Moreira D
Laboratoire de Biologie Cellulaire BC4, URA CNRS 2227, Université Paris-Sud, Bâtiment 444, 91405 Orsay Cedex, France.
Nucleic Acids Res. 1998 Jul 1;26(13):3309-10. doi: 10.1093/nar/26.13.3309.
The use of agarose blocks containing embedded DNA improves the PCR amplification from templates naturally contaminated with polysaccharides or humic acids, two powerful PCR inhibitors. Presumably, the difference in size between the DNA macromolecules and these contaminants allows their effective removal from the agarose blocks by diffusion during the washing steps, whereas genomic DNA remains trapped within them.

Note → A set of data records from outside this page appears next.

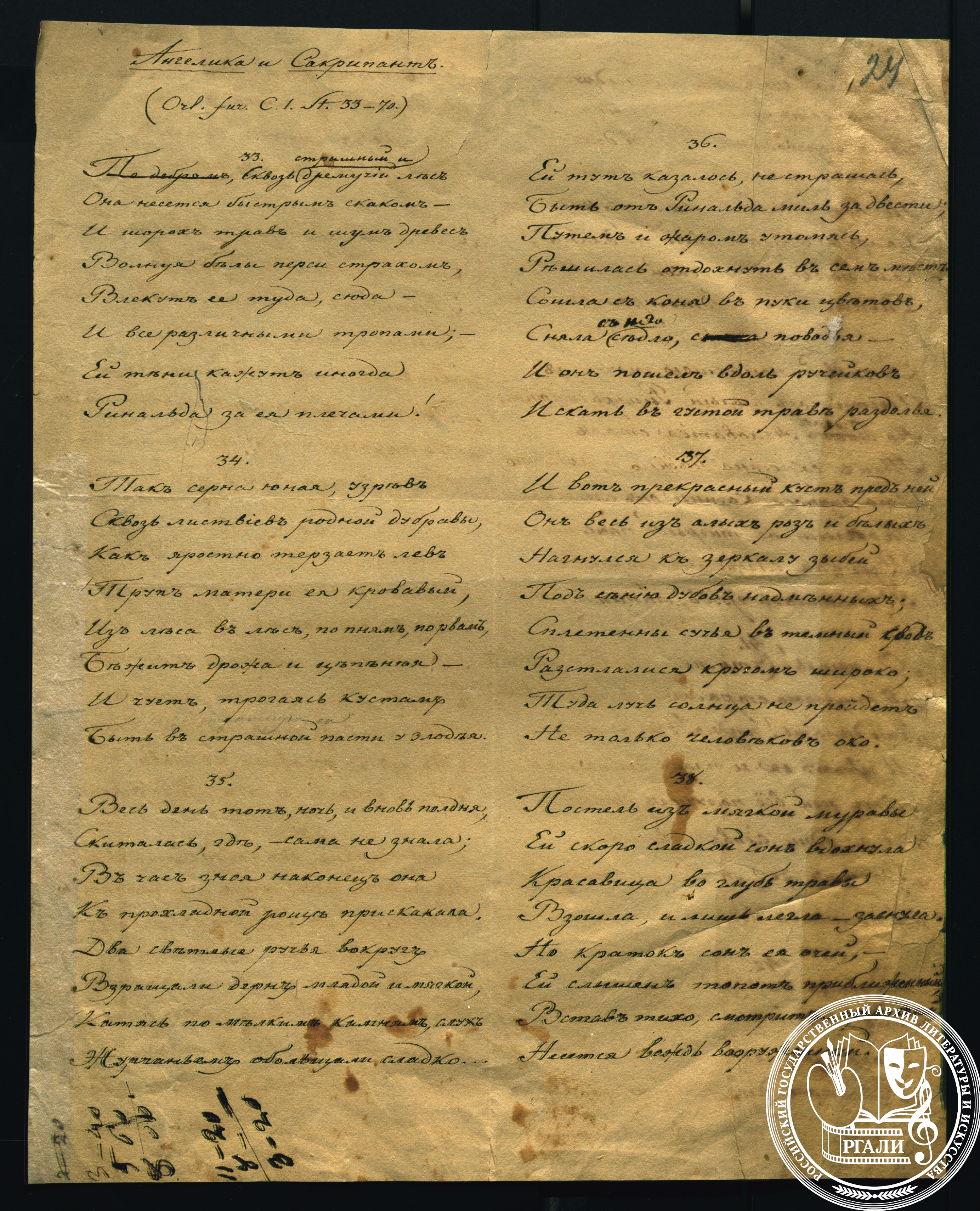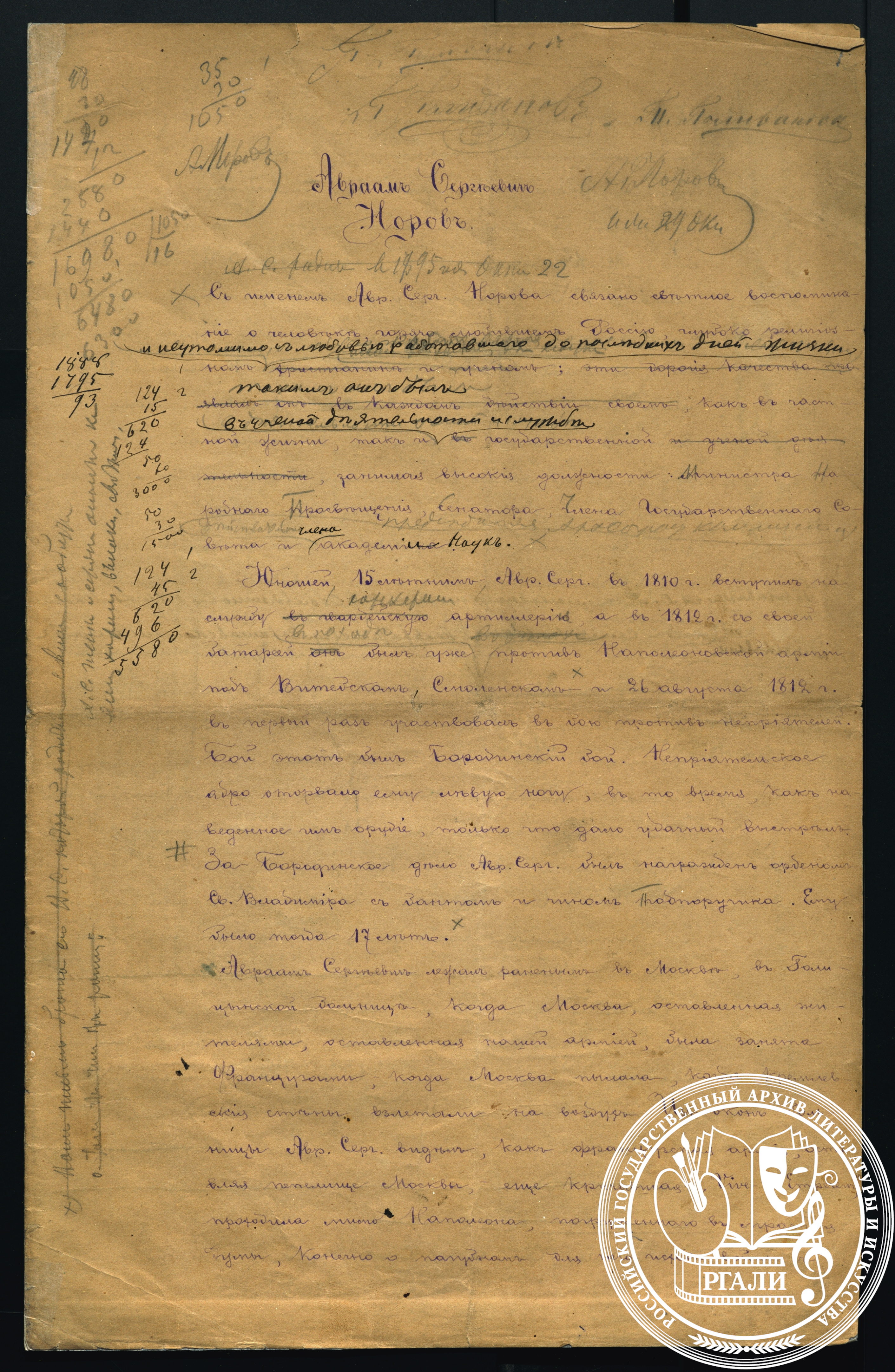 Материалы путешествий А.С. Норова также представлены в РГАЛИ. Среди них самыми объемными являются разрозненные путевые записи о посещении Палестины и Синая, где Авраам Сергеевич довольно полно фиксирует свои передвижения и впечатления (Ф. 349. Оп. 1. Ед. хр. 39). Интерес вызывает и небольшое собрание документов, полученных или купленных Норовым во время его пребывания на Востоке (Ф. 349 Оп. 1 Ед. хр. 6): копия охранной грамоты, выданной Наполеоном Синайскому монастырю, список странноприимных домов в Сирии и Палестине и других, свидетельствующих о глубоком и тщательном подходе к исследованию истории и географии стран пребывания.
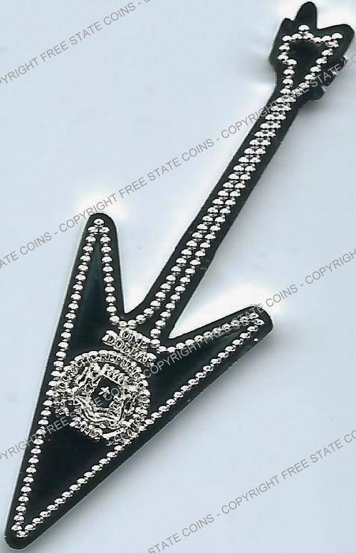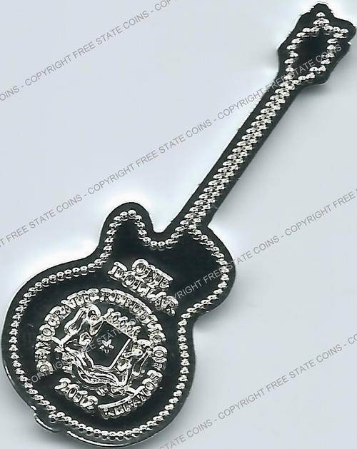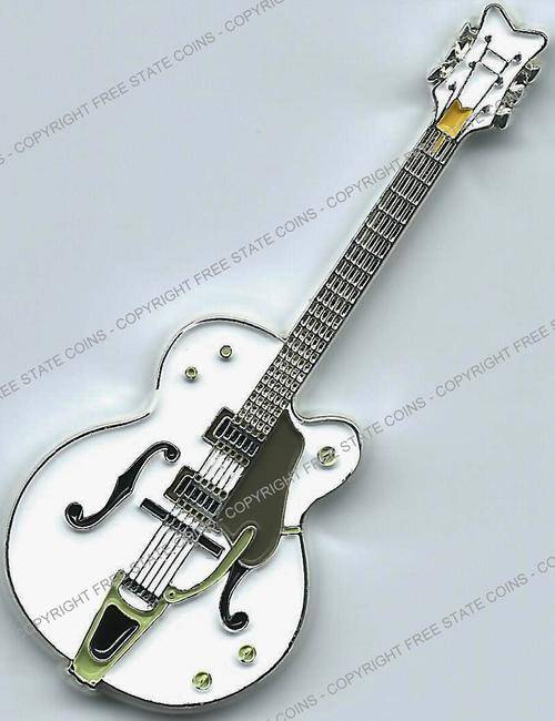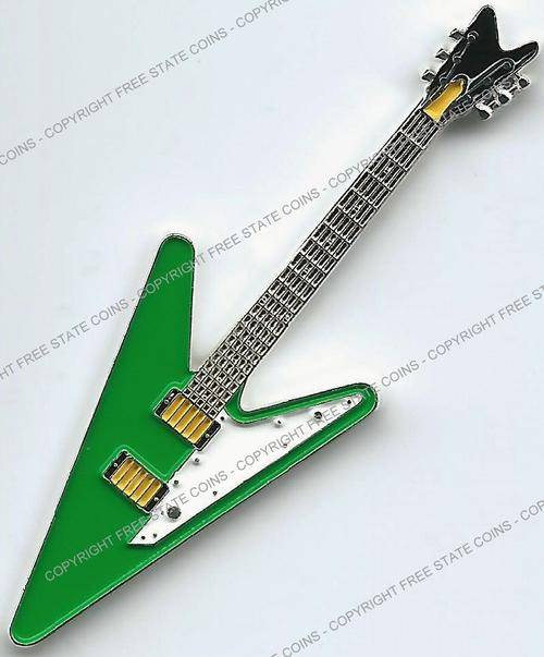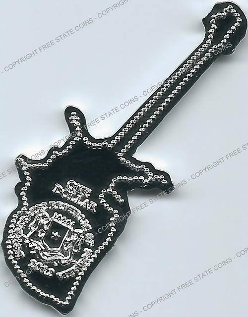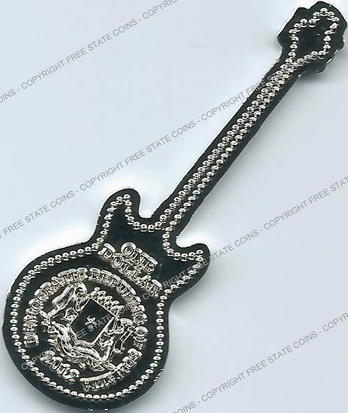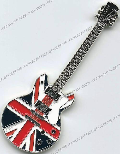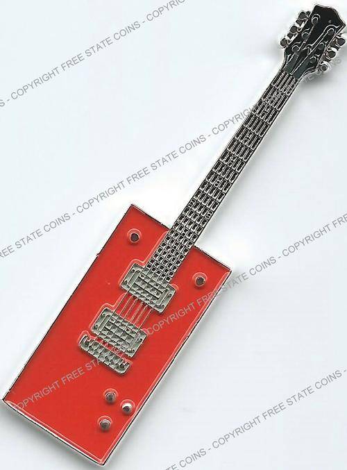 These six multi-colored coins are in the shape some of the wildest guitars around. Included is a USA map guitar, which is similar to one believed to have been used by Rick Nelson of Cheap Trick and is based a guitar produced by Gibson. The double-necked Gibson guitar is based on a style used by Jimmy Page. The red rectangular guitar is based on a style used by Bo Diddley. The Gretsch White Falcon was used by Neil Young and other. The green Gibson reverse V was used by J Mascis of Dinosaur Jr. The British Flag guitar is based on an instrument used by used by Noel Gallagher. All six coins are legal tender issues are denominated as 1 Dollar and feature the arms of the Democratic Republic of Somalia, date and denomination on the obverse. The silver-plated coins are 50mm (2 inches) long.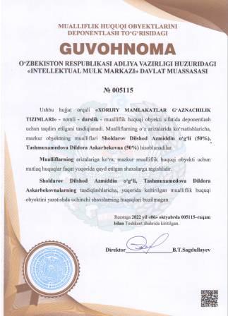 | 4984 | №005115 | Darslik - "XORIJIY MAMLAKATLAR G‘AZNACHILIK TIZIMLARI" | Sholdarov Dilshod Azmiddin o‘g‘li (50%), Tashmuxamedova Dildora Askarbekovna (50%) | Sholdarov Dilshod Azmiddin o‘g‘li, Tashmuxamedova Dildora Askarbekovna | 10/06/2022 | ![]() |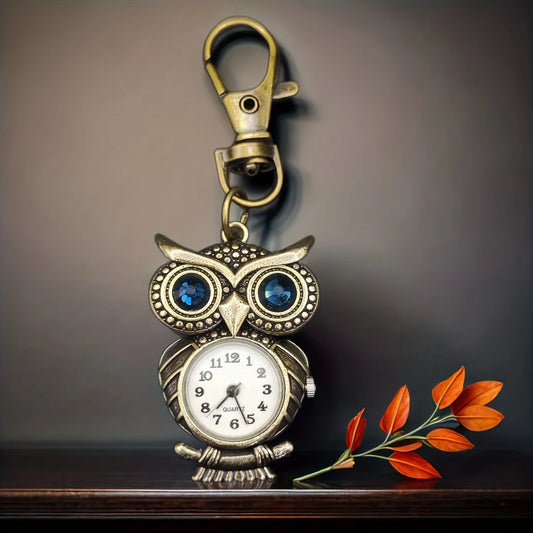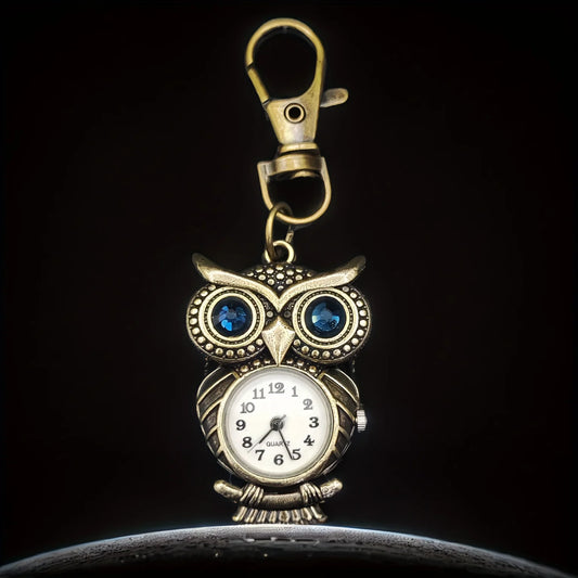 Vintage Noble Owl with Diamond Keychain Watch Hanging Watch Quartz Watch Men's and Women's Keychains

In addition, agarose-embedded DNA can be directly used for PCR since low melting point agarose does not interfere with the reaction. This simple and inexpensive method is also convenient for genomic DNAs extracted by other procedures, and it is potentially useful for samples containing other kinds of soluble inhibitors, overcoming this important problem of current amplification techniques.
使用含有嵌入DNA的琼脂糖块可改善从天然被多糖或腐殖酸污染的模板进行的PCR扩增,多糖和腐殖酸是两种强大的PCR抑制剂。据推测,DNA大分子与这些污染物之间的大小差异使得它们在洗涤步骤中通过扩散从琼脂糖块中有效去除,而基因组DNA则保留在其中。此外,由于低熔点琼脂糖不干扰反应,因此嵌入琼脂糖的DNA可直接用于PCR。这种简单且廉价的方法对于通过其他程序提取的基因组DNA也很方便,并且对于含有其他种类可溶性抑制剂的样品可能有用,克服了当前扩增技术的这一重要问题。